Every week, another story breaks. A respected educator dismissed for a moment of poor judgment. A personal overshare. A late-night text. Lack of attentive supervision. An inappropriate joke. A conversation that drifted into territory better left to a child’s caregiver or clinician. The public’s reaction is often disbelief: How could such a good educator make such a bad decision?
The truth is rarely bad intentions.
Educators receive rigorous training on curriculum, assessments, mandatory reporting, and other safety measures. But they get little to no training on the everyday boundary decisions that shape healthy, professional, trust-building relationships with other people’s children.
In this biweekly column, principals and other authorities on school leadership—including researchers, education professors, district administrators, and assistant principals—offer timely and timeless advice for their peers.
The focus is often on legal boundaries and discussed from a place of fear-based restraint, leaving little time for trust-based discussions of professional, social, or emotional boundaries. That gap leaves even the most dedicated educators vulnerable to making choices that could compromise students’ experiences at school and the educator’s career.
It’s time we name the real problem: a lack of boundary clarity in a boundary-critical profession.
In education, we have long celebrated the “hero” narrative—the teacher who gives up lunch every day, the coach who becomes a surrogate parent, the adviser who responds to messages at all hours. We praise these behaviors as evidence of deep, selfless care.
But “above and beyond” often lives in the same neighborhood as boundary blur.
A personal disclosure intended to build connection. A “just this once” exception for a struggling student. An “I know the school rules are X, but in my classroom, I believe it’s best we do Y.” A blind defense of a student without all the facts.
These acts may be rooted in compassion, but they can easily cross a boundary and undermine trust with families, disrupt systems designed for safety, or create expectations no single adult can sustain. Educators are deeply influential, yes, but they are not replacements for a child’s primary caregivers. It is critical that school leaders help educators adhere to the limits of their roles.

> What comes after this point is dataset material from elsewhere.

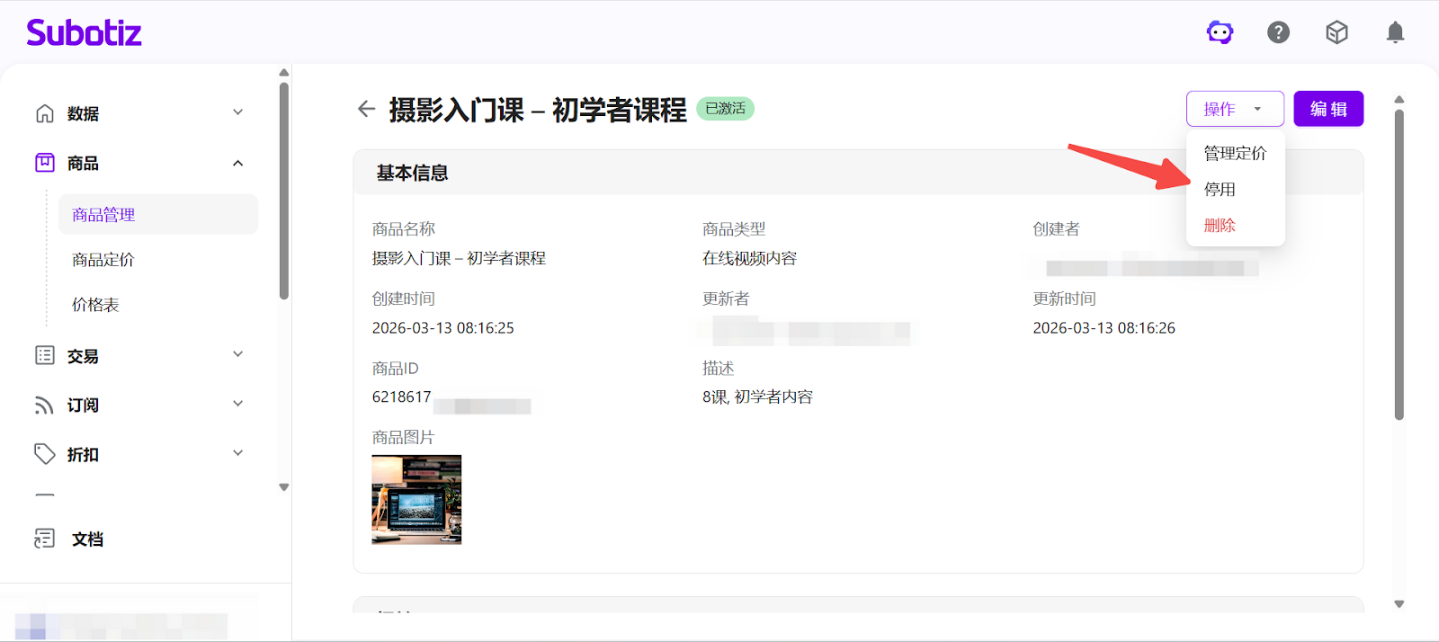 - 停用商品: 如果不再希望某个商品用于新的付款流程,可以对已激活商品执行 停用 操作。停用后:

To ensure students have the right kind of relationships with educators that best promote their academic growth and positive youth development, educators first need to understand the appropriate boundaries. The “too loose, too rigid, just right” scale gives a starting point for assessing our behaviors both as educators and in our general lives:
- A person with boundaries that are too loose trusts everyone, speaks freely and intimately when they first meet students, does not recognize poor boundary setting in others, acts in opposition to their personal values for the purpose of pleasing others, compromises their own wellness to support the wellness of others, inserts themselves into the problems of others, accepts abuse or disrespect, prioritizes likability over authentic connection, and derives self-worth from others’ opinions.
- A person with too rigid boundaries trusts no one, avoids close relationships, does not ask for help, is protective of personal information, offers no bids for connection, seems distant or detached, avoids vulnerability for fear of rejection, interacts in transactional ways with students, and lives in black-and-white thinking patterns.
- A person whose boundaries are just right allows trust with others to develop over time through a layered approach, values their own opinions, keeps their focus on growth and development, notices when someone else lacks healthy boundaries, clearly communicates wants and needs, accepts when others say no, shares appropriate personal information based on trust built in a relationship, and derives a sense of self-worth from within.
To make sure educators can set a just-right boundary before a misstep occurs, school leaders should proactively offer them strategies to guide—not restrict—their care for students. These tools help educators stay grounded, aligned, and confident in their decisionmaking and efforts. You can help educators in your school by sharing these strategies:
1. Use the shoulder/viral test.
Act in every interaction as if your supervisor were on one shoulder, a child’s caregiver on the other, and bystanders were filming from every angle. If a 20-second clip of the moment went viral, would it accurately and positively reflect your intent, tone, professionalism, and the child’s best interest? This test isn’t meant to scare—it’s meant to elevate your practice. Consistency, clarity, and awareness of your power protect children and your career.
2. Stay in your zone of expertise.
Young people deserve support from the right adults with the right training. When we take on roles we aren’t equipped or right for—be it as a therapist, social worker, parent, or friend—we risk creating dependency, burnout, confusion, or even harm. Clear job descriptions and self-awareness matter. Offer care, connection, and coaching within your role and refer to a colleague or other resource when a youth’s needs extend beyond your professional expertise.
3. Uphold the rules.
Youth thrive when the adults around them provide consistency, predictability, and alignment with organizational policies. When individuals “do it their own way,” they undermine trust, create inequity, and destabilize a system designed to promote safety. “Do what you say and say what you do” applies to both organizations and individuals. If you disagree with a policy, raise it in the right forum—not in front of students.
Parents and guardians deserve educators in their children’s lives they can trust. Students deserve—and need—educators who build the right kind of relationships with them. Educators deserve training that protects them. School leaders, don’t wait until after a mistake to support your teachers. Guide them before one ever happens.